In the program, the sample mean is calculated for each sample.

• i. Print a copy of the histogram of the sample mean for the 4320 possible samples.
• j. Using the histogram, guess the value (number of hypoglycemic episodes) where the histogram could be balanced? (This is the expected value, and equal to the mean.)

Histograms are included in Figures 2-6 for the percent frequency distribution of estimates (based on the sample) of the variance, the standard deviation, the minimum, the maximum, and the range. Inspect each of these distributions. Distributions that have a long tail to the right are called right skewed, while those with long tails to the left are called left skewed.

• k. Which distributions are skewed to the right?
• l. Which distributions are skewed to the left?
• m. Based on the histograms, guess where the expected value (the mean) would be for each sample statistic. Write down your guesses.
• n. See how good your guesses are by comparing them with the results in Table 2. at the end of the output.

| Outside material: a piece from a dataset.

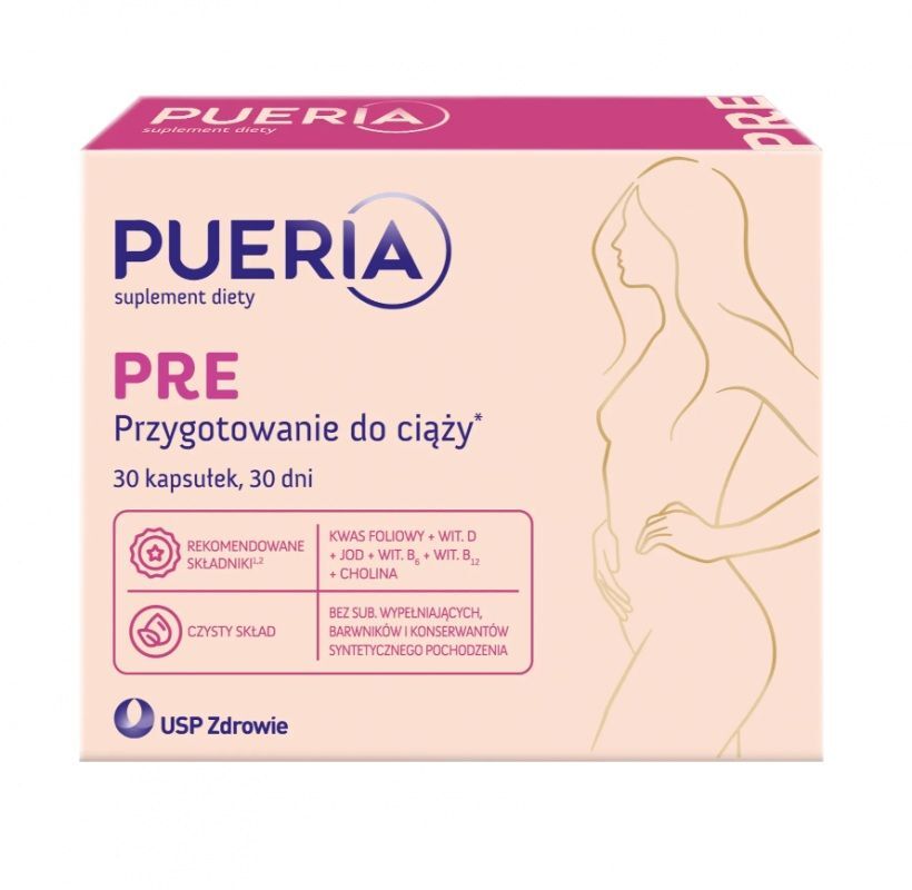 Pueria Pre to suplement diety opracowany z myślą o kobietach, które planują ciążę i chcą odpowiednio przygotować organizm jeszcze przed zapłodnieniem. Produkt uzupełnia codzienną dietę w starannie dobrane witaminy i składniki mineralne, kluczowe w okresie prekoncepcji.

When the expected value of a statistic is equal to the value in the population, the statistic is called "unbiased".

• Compare the population values for the mean, variance, standard deviation, minimum, maximum, and range with the expected values from Table 2. Which statistics do you think are "unbiased"?

Computer programs can generate many simple random samples effortlessly. We can use the programs to study the properties of the sample mean as a function of the number of subjects selected in the sample. You will study how the mean and variance of the sample mean varies with the sample size here.

The next program will:

• Select a simple random sample of size n=2 with replacement from the population.
• Calculate sample mean using values for subjects selected in the sample.
• Repeat the sampling for 4320 samples.
• Creates a Percent Frequency Histogram of the sample means for the 4320 samples.
• Calculates the mean and the variance of the sample means.

4. Do the following:

• Copy the program a54p12.sas into the Program Window in SAS. The program selects 4320 samples of size 2 (with replacement).
• Run the program, and review the output.

Complete the following:

• a. Print a histogram of the Percent frequency distribution of sample means.
• b. Record the mean and variance of the sample means using results from Table.
• c.Using the histogram, guess at what value will the distribution of sample means balance (what is the expected value of the sample mean)?
• d. Is the distribution of sample means skewed? Which way?

Modify the program a54p12.sas to select simple random samples without replacement of size n=4 by changing the line to:

%LET tsamp=4;

Rerun the program.

• e. Print a histogram of sample means
• f. Record the mean and variance of the sample means using results from Table 1.
• g. Using the histogram, guess at what value will the distribution of sample means balance (what is the expected value of the sample mean)?
• h. Is the distribution of sample means skewed? Which way?
• i. Repeat this process for samples of size n=5, n=6, and n=10.

Use your results to summarize the relationship between the sample size and the mean and variance of the sample mean. Please do the following:

• j. By hand, make a bar chart that has as the x-axis (the abscissa) the sample size, and as the y-axis (the ordinate) the expected value of the sample mean.
• k By hand, make a line plot that has as the x-axis (the abcissa) the sample size, and as the y-axis (the ordinate) the variance of the sample means.
• l. Use this plot to deduce a simple relationship between the expected value of the variance of the sample means, the population variance, and the sample size.